[Recorded data]
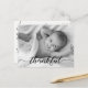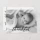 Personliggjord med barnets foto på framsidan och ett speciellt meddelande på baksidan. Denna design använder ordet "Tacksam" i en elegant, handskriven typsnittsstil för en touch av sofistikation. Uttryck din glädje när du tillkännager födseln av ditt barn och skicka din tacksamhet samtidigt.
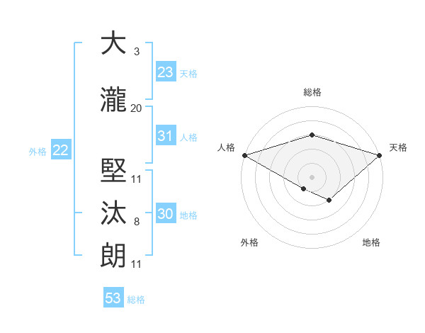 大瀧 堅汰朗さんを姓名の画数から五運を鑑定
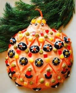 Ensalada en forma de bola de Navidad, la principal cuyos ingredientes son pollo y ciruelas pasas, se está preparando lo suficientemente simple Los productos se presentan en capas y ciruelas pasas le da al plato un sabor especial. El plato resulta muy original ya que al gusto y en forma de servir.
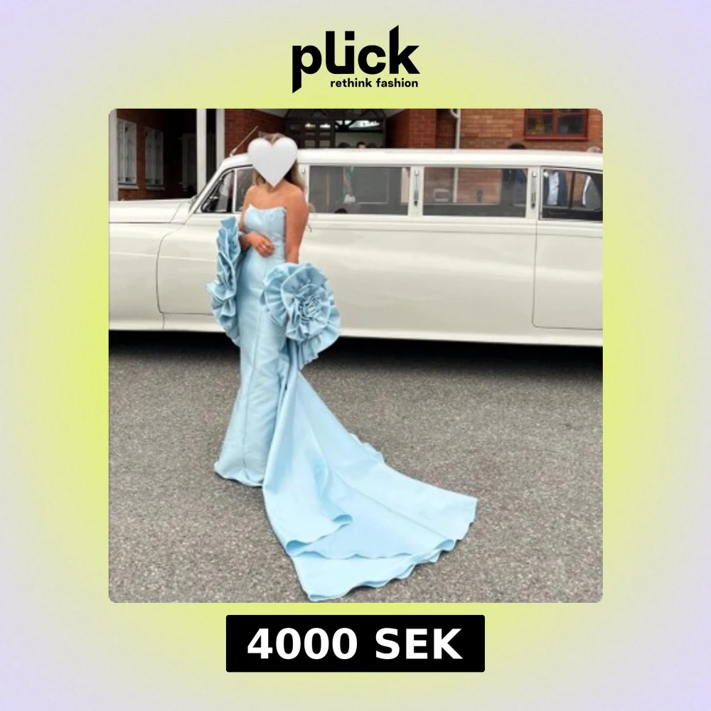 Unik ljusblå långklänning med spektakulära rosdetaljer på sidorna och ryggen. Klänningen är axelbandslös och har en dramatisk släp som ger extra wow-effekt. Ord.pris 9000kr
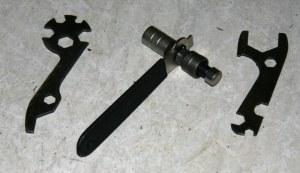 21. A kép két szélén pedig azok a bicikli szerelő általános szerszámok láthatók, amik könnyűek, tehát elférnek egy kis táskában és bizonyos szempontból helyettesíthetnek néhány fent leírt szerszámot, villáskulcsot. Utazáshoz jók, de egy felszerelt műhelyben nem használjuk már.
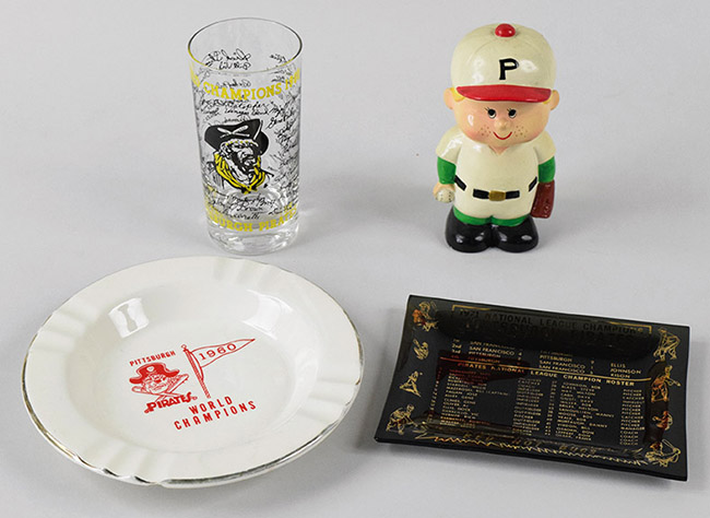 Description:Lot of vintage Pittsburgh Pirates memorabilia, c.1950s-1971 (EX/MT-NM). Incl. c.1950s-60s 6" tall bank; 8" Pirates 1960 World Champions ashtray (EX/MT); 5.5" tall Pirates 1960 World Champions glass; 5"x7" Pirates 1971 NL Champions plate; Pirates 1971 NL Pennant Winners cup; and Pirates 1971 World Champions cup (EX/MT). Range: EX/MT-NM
...
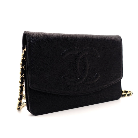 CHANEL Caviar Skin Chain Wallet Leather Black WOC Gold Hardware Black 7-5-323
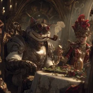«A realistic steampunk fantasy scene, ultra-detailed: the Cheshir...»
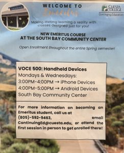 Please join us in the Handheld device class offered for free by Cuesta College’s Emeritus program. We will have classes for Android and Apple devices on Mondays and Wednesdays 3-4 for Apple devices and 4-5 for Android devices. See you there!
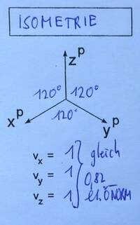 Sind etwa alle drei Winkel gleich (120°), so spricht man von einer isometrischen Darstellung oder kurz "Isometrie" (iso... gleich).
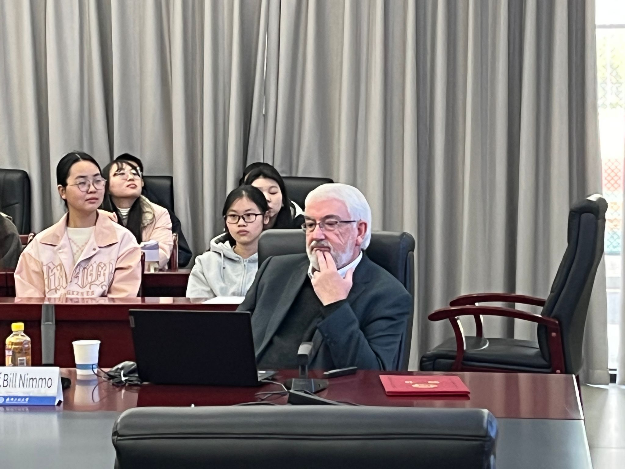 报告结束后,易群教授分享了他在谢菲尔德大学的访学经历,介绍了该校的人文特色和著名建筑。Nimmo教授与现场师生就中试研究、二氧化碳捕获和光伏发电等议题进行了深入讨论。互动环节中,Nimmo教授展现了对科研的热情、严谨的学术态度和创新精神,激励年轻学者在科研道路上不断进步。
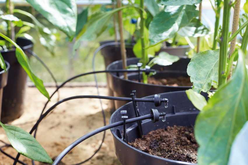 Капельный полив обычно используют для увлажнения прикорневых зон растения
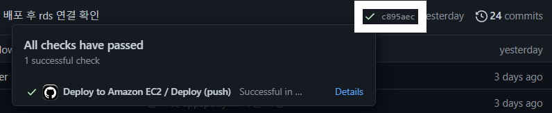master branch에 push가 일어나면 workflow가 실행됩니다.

- [WHAT YOU NEED TO DO] I would like the exact lines from the data above, starting with the one that holds "Ensalada en forma" and going on through the one that holds "Description:Lot of vintage", without the pictures.

- [SOLUTION]
 Ensalada en forma de bola de Navidad, la principal cuyos ingredientes son pollo y ciruelas pasas, se está preparando lo suficientemente simple Los productos se presentan en capas y ciruelas pasas le da al plato un sabor especial. El plato resulta muy original ya que al gusto y en forma de servir.
 Unik ljusblå långklänning med spektakulära rosdetaljer på sidorna och ryggen. Klänningen är axelbandslös och har en dramatisk släp som ger extra wow-effekt. Ord.pris 9000kr
 21. A kép két szélén pedig azok a bicikli szerelő általános szerszámok láthatók, amik könnyűek, tehát elférnek egy kis táskában és bizonyos szempontból helyettesíthetnek néhány fent leírt szerszámot, villáskulcsot. Utazáshoz jók, de egy felszerelt műhelyben nem használjuk már.
 Description:Lot of vintage Pittsburgh Pirates memorabilia, c.1950s-1971 (EX/MT-NM). Incl. c.1950s-60s 6" tall bank; 8" Pirates 1960 World Champions ashtray (EX/MT); 5.5" tall Pirates 1960 World Champions glass; 5"x7" Pirates 1971 NL Champions plate; Pirates 1971 NL Pennant Winners cup; and Pirates 1971 World Champions cup (EX/MT). Range: EX/MT-NM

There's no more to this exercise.